Рябинин, запомнив адреса, сжёг записку над свечой, её пепел осел на стол, запах смешался с табаком, его глаза пробежали по таверне, заметив бармена, слишком внимательно следившего за ними. Он кивнул Антонио, шепнув:
— Уходи через задний выход. За нами следят.
Антонио, побледнев, исчез в тени кухни. Рябинин вышел на улицу. На углу улицы он заметил франкистского агента, молодого, в чёрной шляпе, чьи глаза слишком долго задержались на нём. Рябинин, ускорив шаг, свернул в переулок, где булыжник был скользким от дождя, его пальто намокло, рука сжимала наган под тканью. Агент последовал за ним, его шаги шаркали по камням, но Рябинин, затаившись за углом, в тени мусорного бака, оглушил его ударом в висок, оставив лежать в луже. Обыскав карманы, он нашёл записку с именами республиканцев, которых франкисты планировали устранить, и адресом тайной встречи в Мадриде. Рябинин, спрятал записку в подкладку пальто.
К полудню Рябинин пробрался к особняку франкистского офицера, чьё имя нашёл в записке — капитан Альварес, фигура в заговоре, связанная с итальянскими агентами. Особняк, на окраине Мадрида, с высокими окнами и резными ставнями, был окружён садом с пожухлыми розами, чьи лепестки осыпались на влажную землю. Рябинин, сменив пальто на рабочую куртку, представился садовником, его руки, перепачканные землёй, сжимали секатор, а глаза следили за окнами. Служанка, женщина за 50, с морщинистым лицом, впустила его, с недовольным выражением лица:
— Не копайтесь долго.

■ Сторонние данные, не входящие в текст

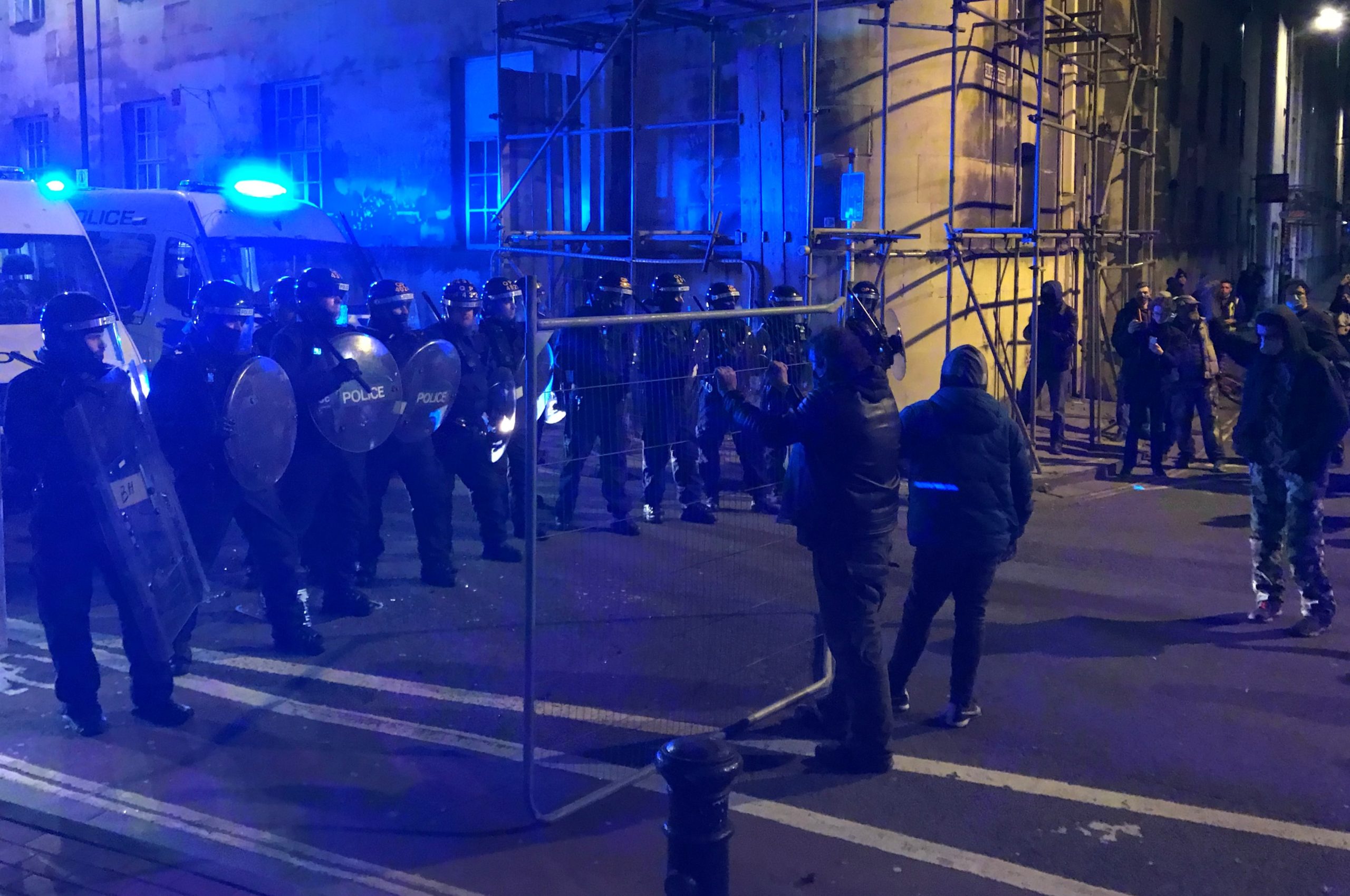 Some of the ugliest scenes from an evening of violence came on Nelson Street, where rioters removed some of the Heras fencing protecting the scaffolding around The Station and used it as improvised weapons.
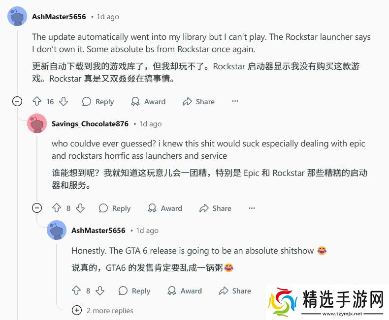 还有玩家称,此次发布的增强版已经下载到自己的游戏库,但却玩不了,Rockstar 启动器显示自己并未购买该游戏。网友戏称,这是 Epic 的“基本操作”。

Хозяин не любит чужих.
Рябинин, кивая, ответил:
— Только подрежу кусты, сеньора.
В саду, под видом работы, он заметил открытое окно кабинета, где Альварес, мужчина, примерно 45 лет, с сединой на висках, говорил с мужчиной в тёмном костюме — итальянским агентом, чьи жесты были резкими, но голос при этом был приглушённым. Рябинин, подползая к окну, спрятавшись за кустами, подслушал их:
— Муссолини даст винтовки Carcano, — говорил итальянец, — но вы должны захватить Толедо к весне.
Альварес ответил:
— Деньги уже в Мадриде. Немцы пришлют пулемёты.
Рябинин сфотографировал их лица, камера щёлкала тихо, как тиканье часов. Внезапно собака, чёрный лабрадор, залаяла, её лай эхом разнёсся по саду. Рябинин, затаив дыхание, бросил кусок хлеба, отвлекая пса. Альварес выглянул в окно, его глаза сузились, но Рябинин, пригнувшись, исчез за кустами. Он покинул сад, оставив секатор. Он думал: «Италия и Германия уже здесь. Нужно найти их склад».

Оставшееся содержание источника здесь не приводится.